Use the Rail toggle on the map above to isolate rail's contribution from road and aviation.
Airport Noise
Portland International (PDX) sits north of 97218. The U.S. Department of Transportation models aviation noise around this airport from federal traffic data, and the model uses those federal measurements rather than synthetic predictions.
Blocks under the approach and departure paths carry combined road-plus-aviation noise, with some exceeding 90 dBA on the map's Overall layer. Blocks on the opposite side of 97218, particularly to the south, show no measurable aviation contribution. Use the Aviation toggle on the map above to isolate the airport's footprint.

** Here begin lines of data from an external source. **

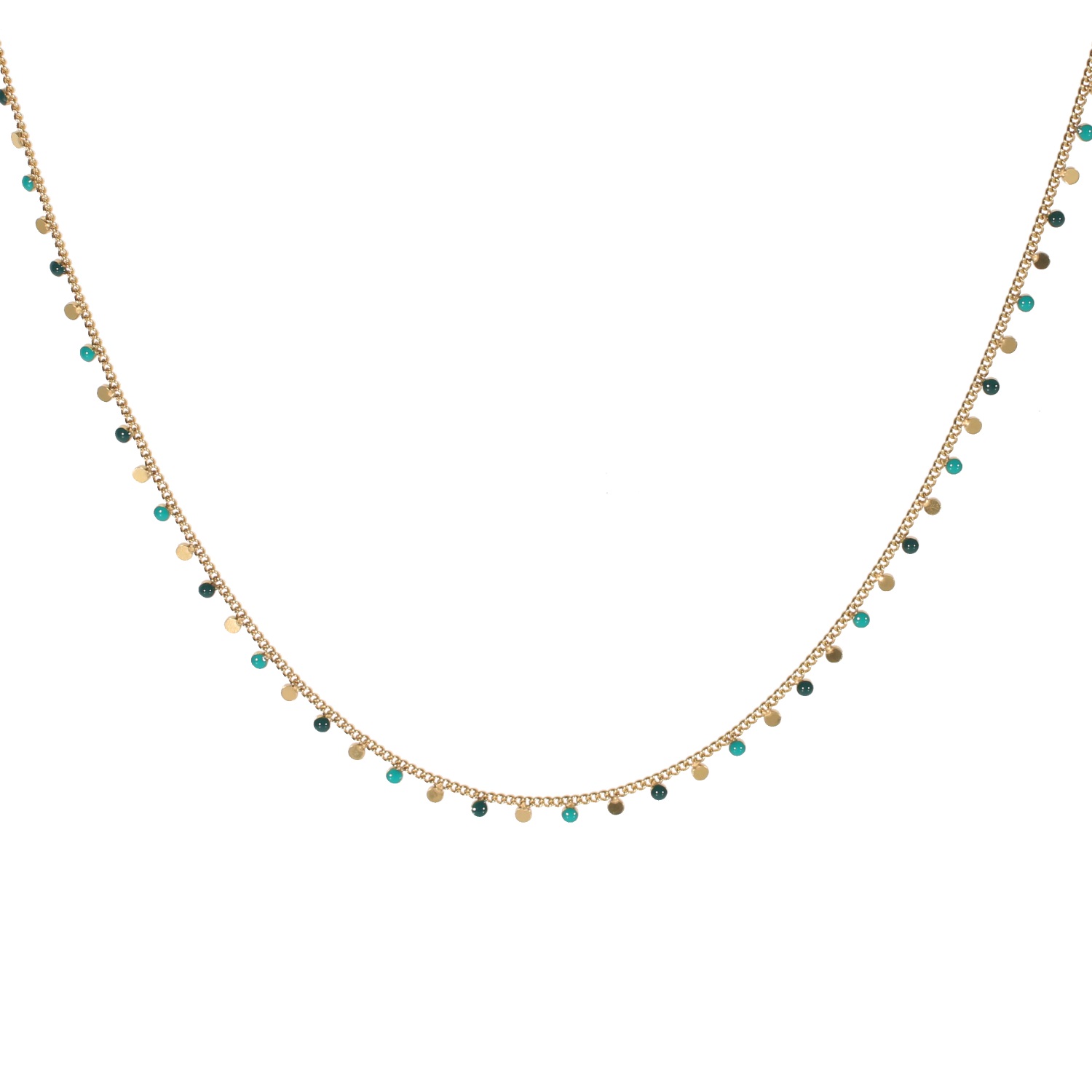 Description collier avec pampilles en acier doré et émail. Fermoir mousqueton avec 4.5 cm de rallonge. Cliquez sur une matière, un thème, une couleur ou une collection pour voir tous les articles associés.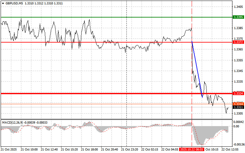اختبار السعر عند 1.3372 تزامن مع اللحظة التي بدأ فيها مؤشر MACD بالتحرك نحو الأسفل من الخط الصفري، مما أكد نقطة الدخول الصحيحة لبيع الجنيه. ونتيجة لذلك، انخفض الزوج نحو مستوى الهدف عند 1.3324.
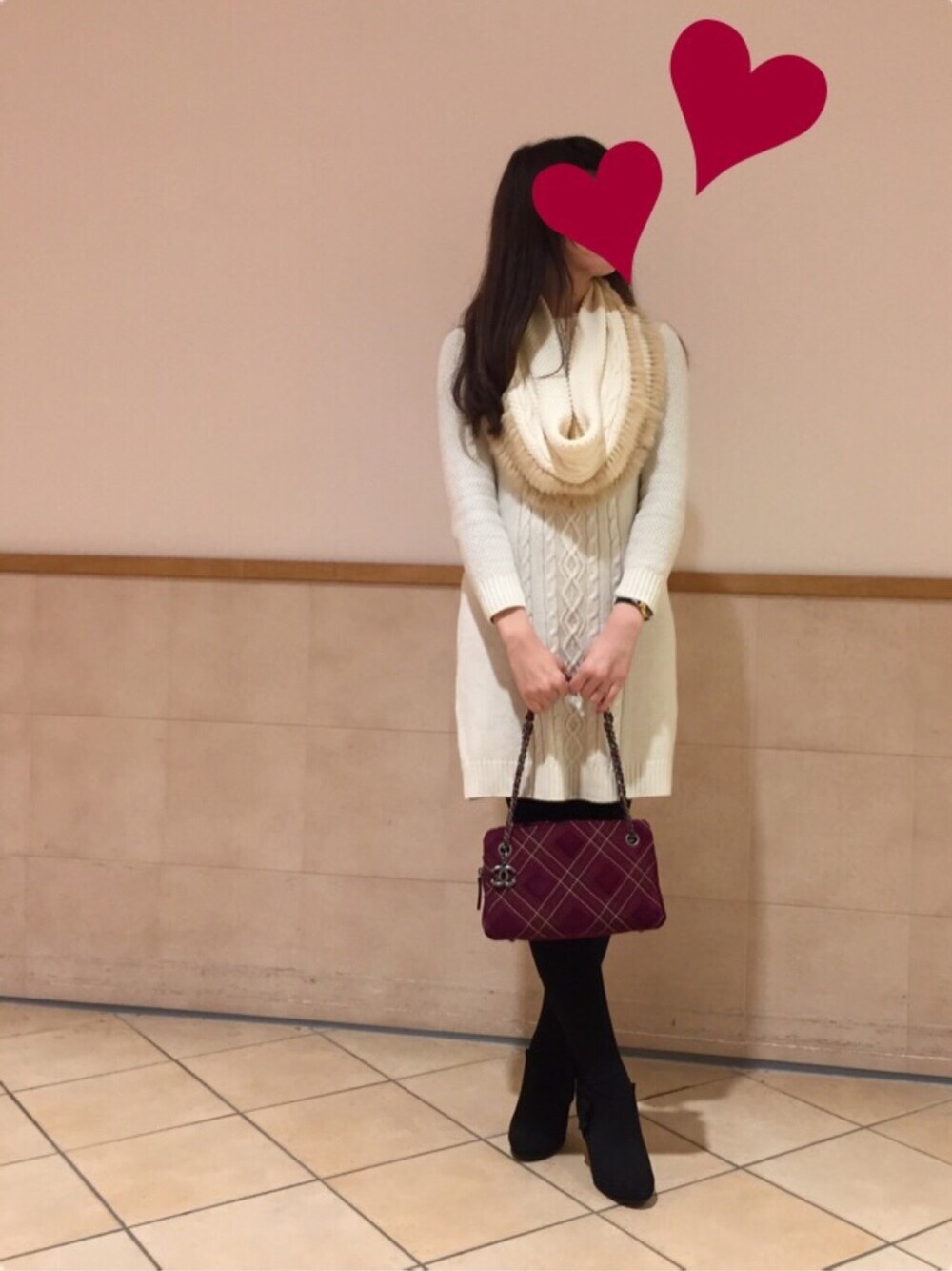 このワンピとスヌードのセット、 何年か前の物ですが、お気に入りで毎年着てます。 毛玉出来にくくてすごくいい。 スヌードは2通りの着方ができます。 婚活時代の勝負服ですw 旦那さんと初めて会ったときも着てましたw 私は白いニットワンピ最強説を推していますw ただし婚活のときにハイブランドのバックはあまり持たない方が良いです! 以上、突然の婚活講座でした。笑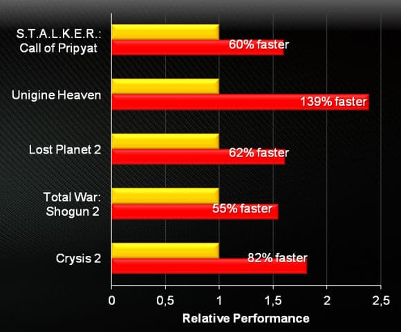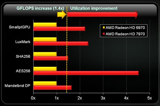Вертикальной прерывистой линией на графике отмечена теоретическая разница в производительности, но данные о скорости показывают, что в трёх из пяти задач скорость нового GPU оказалась значительно выше. Это вызвано всеми изменениями, направленными на увеличение эффективности: уход от VLIW, наличие планировщика в каждом вычислительном блоке, улучшенное кэширование и т. п.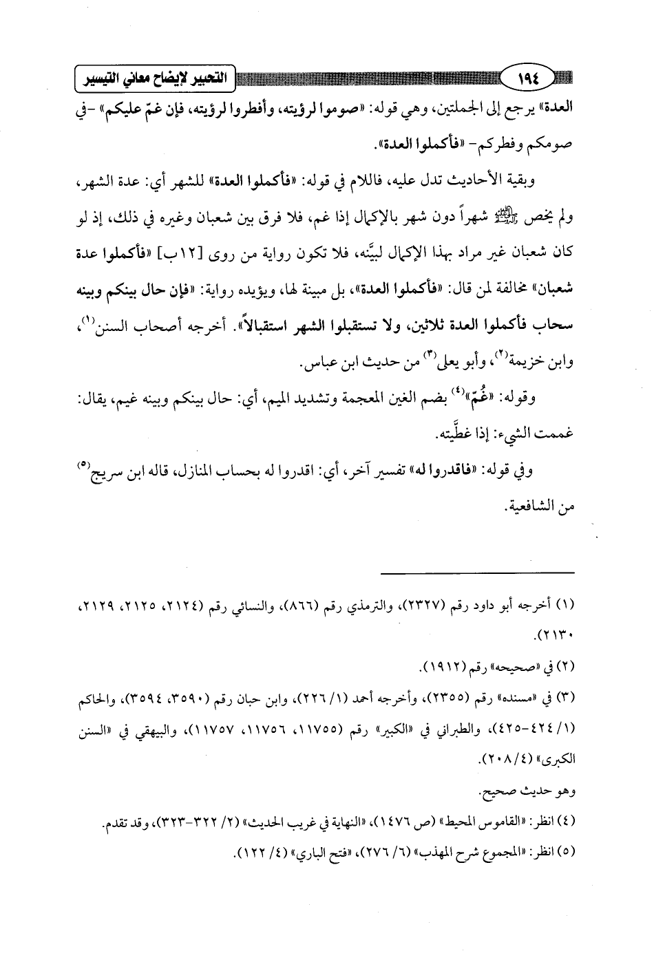 وبقية الأحاديث تدل عليه، فاللام في قوله: "فأكملوا العدة" للشهر أي: عدة الشهر، ولم يخص - صلى الله عليه وسلم - شهراً دون شهر بالإكمال إذا غم، فلا فرق بين شعبان وغيره في ذلك، إذ لو كان شعبان غير مراد بهذا الإكمال لبيَّنه، فلا تكون رواية من روى [12 ب] "فأكملوا عدة شعبان" مخالفة لمن قال: "فأكملوا العدة"، بل مبينة لها، ويؤيده رواية: "فإن حال بينكم وبينه سحاب فأكملوا العدة ثلاثين، ولا تستقبلوا الشهر استقبالاً". أخرجه أصحاب السنن (¬1)، وابن خزيمة (¬2)، وأبو يعلى (¬3) من حديث ابن عباس.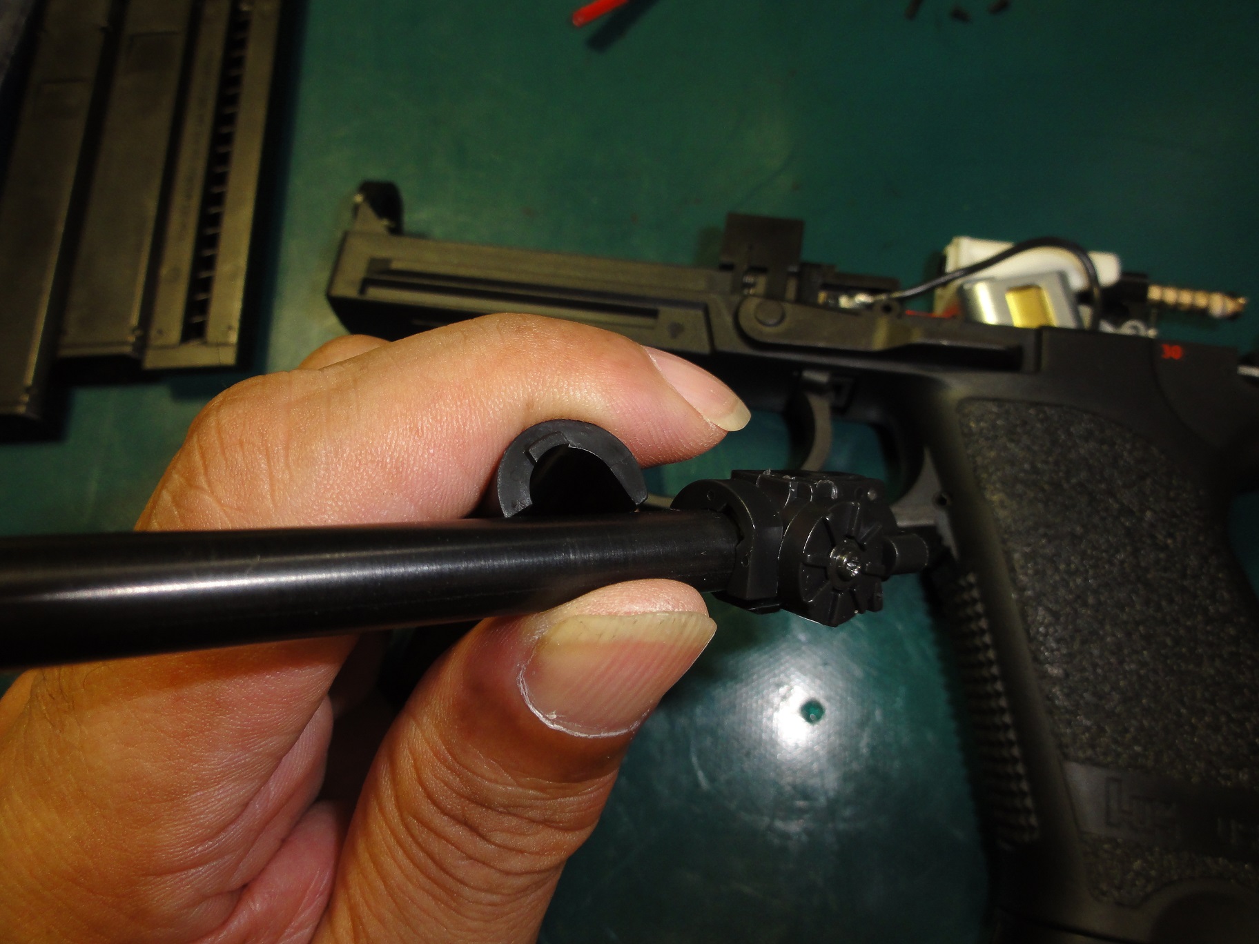 ローディングノズルスプリングを縮めます硬いので注意してください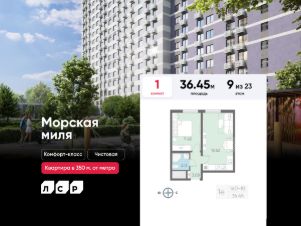 Продается 1-комнатная квартира в ЖК "Морская миля" на 9 этаже. Общая площадь составляет 36.45 кв. м. Квартира с чистовой отделкой. Жилой комплекс "Морская миля" располагается по адресу Санкт-Петербург, Красносельский.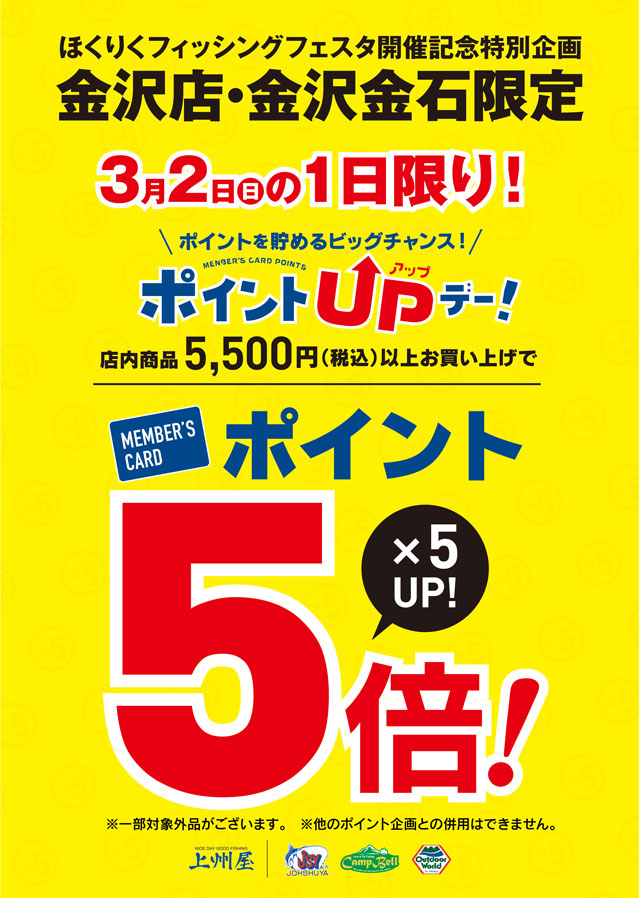 〔フェスタ開催記念〕2025年3月2日()、上州屋金沢店・金沢金石店にて店内税込5,500円以上お買い上げでポイント5倍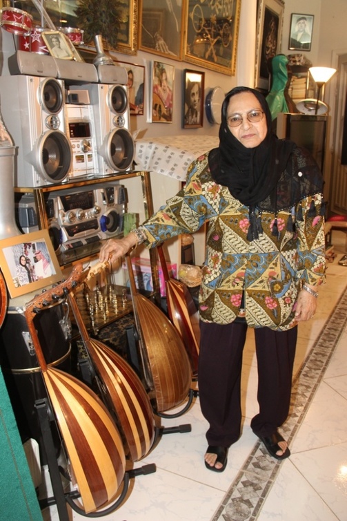 وعندما سألها حسن سراج عن متحفها من الأعواد والآلات الموسيقية المختلفة والذي  استطعنا التقاط صورة لها مع اللات العود قالت :
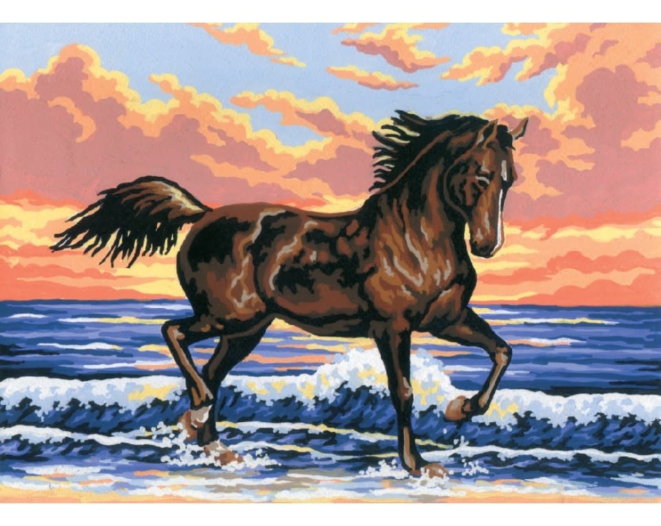 Collection d'art - Bedrukt stramien "Paard aan zee" 40x30cm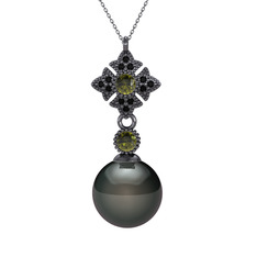 Peridot ve pırlanta 925 ayar siyah rodyum kaplama gümüş kolye (0.44 karat, 40 cm altın rolo zincir)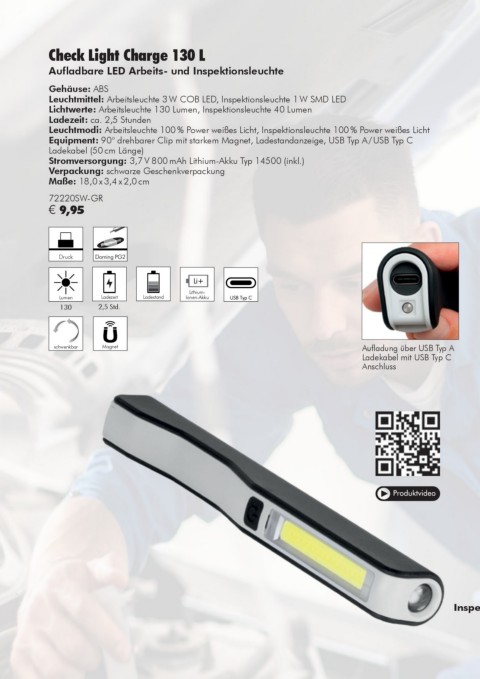 Lichtwerte: Arbeitsleuchte 130 Lumen, Inspektionsleuchte 40 Lumen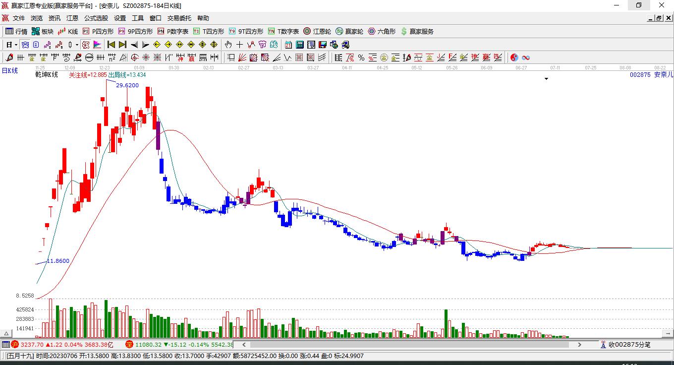 安奈兒處于贏家江恩空頭主線形態(tài),12月26日發(fā)出江恩筑底信號后,經(jīng)過28日,今日形成短期筑頂信號,短期多頭趨勢已被破壞,中期多頭反彈趨勢延續(xù),但長期處于下跌中。安奈兒目前K線為上下影陰線,且當(dāng)前股價低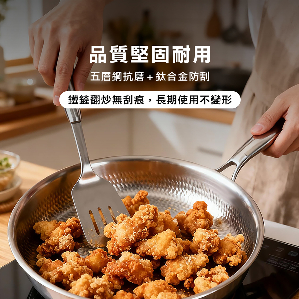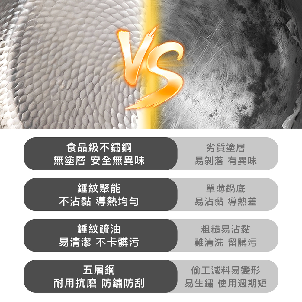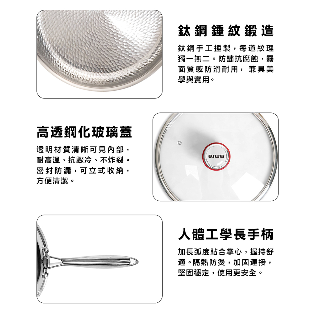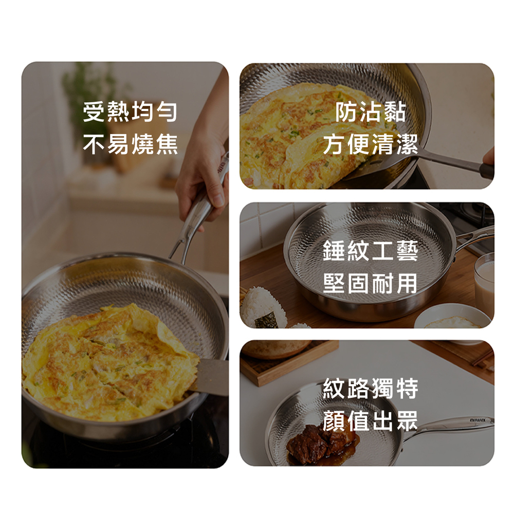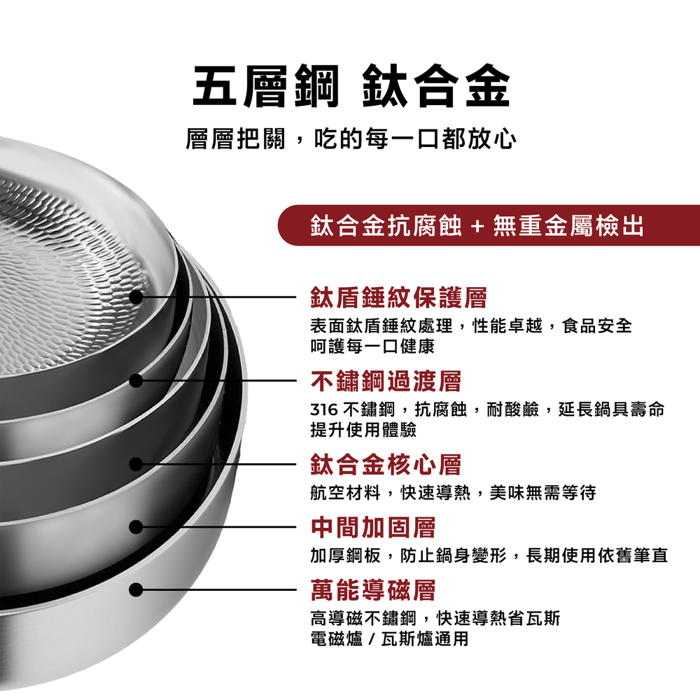 .五層材質,快速烹飪.食品安全,零塗層.不挑爐,美味不受限.專利錘紋,受熱更均勻.食品級安全,316不鏽鋼.透明烹飪,4mm高透鋼化玻璃蓋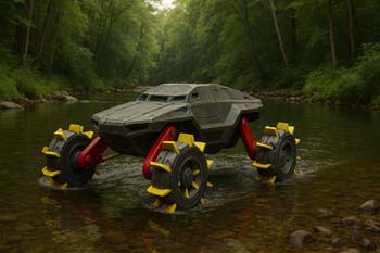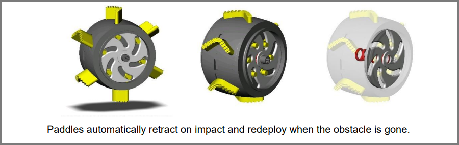 | - | Hydrodynamic Lift: Thanks to the subtle tilt of the paddles, an upward force is generated, lifting the vehicle and reducing drag: t’s as if your wheels have invisible wings! This lift pulls vehicles out of mud or sand and minimizes water resistance as speed increases.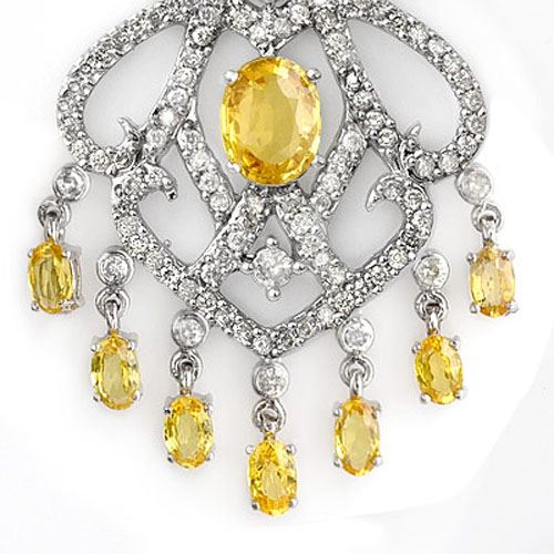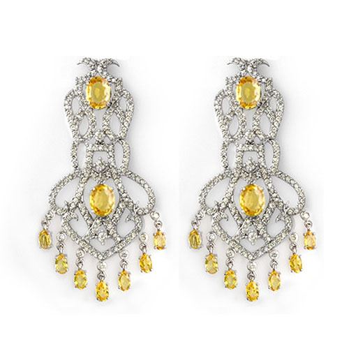 REF-564W5F -11101 ---- 17.30 CTW Yellow Sapphire & Diamond Earrings 18K White Gold ---- Luxury Designer Brand Earrings Appraised at $40,350 Certificate Number US11101 18k White gold, Earrings Size is 2 1/2 Inches, Earrings measuring approx. 1 1/8" x 2 1/2", weighing in total approx. 32.5845 grams. Made in the USA and is stamped 18k, Main stone 12 carat total weight containing 18 pieces of Translucent Yellow color with AA quality Oval shape cut Sapphire , Stone #2 5.3 carat total weight containing 370 pieces of H-I color with VS/SI quality Round shape cut Diamond

How Noise Is Distributed Across 97218
The bar chart below shows the share of 97218 residents in each noise band. About 60% of residents live below the EPA's 55 dBA threshold, and roughly 3% live in blocks above 60 dBA. Long-term exposure in that range is linked to elevated stress hormones and cardiovascular risk.
How 97218 Compares
97218 sits the lowest among the peer group. Below: how 97218's average outdoor noise and share of residents above the EPA threshold compare with 97215, 97201, 97216, and 97232.
Average noise level (dBA)
97218's 53.8 dBA pop-weighted average is the lowest among the peer group. Oregon as a whole averages 52.9 dBA and the U.S. averages 52.0 dBA. Both are lower than 97218 because most of either area is rural land away from major roads.
Share of residents above 55 dBA
About 42.4% of 97218 residents live in blocks where outdoor levels exceed the EPA's 55 dBA threshold. That's fewer than any of its peer group. Measured by land area instead, 47.4% of 97218's footprint sits above 55 dBA, against a Oregon average of 24.2% and a national average of 28.1%.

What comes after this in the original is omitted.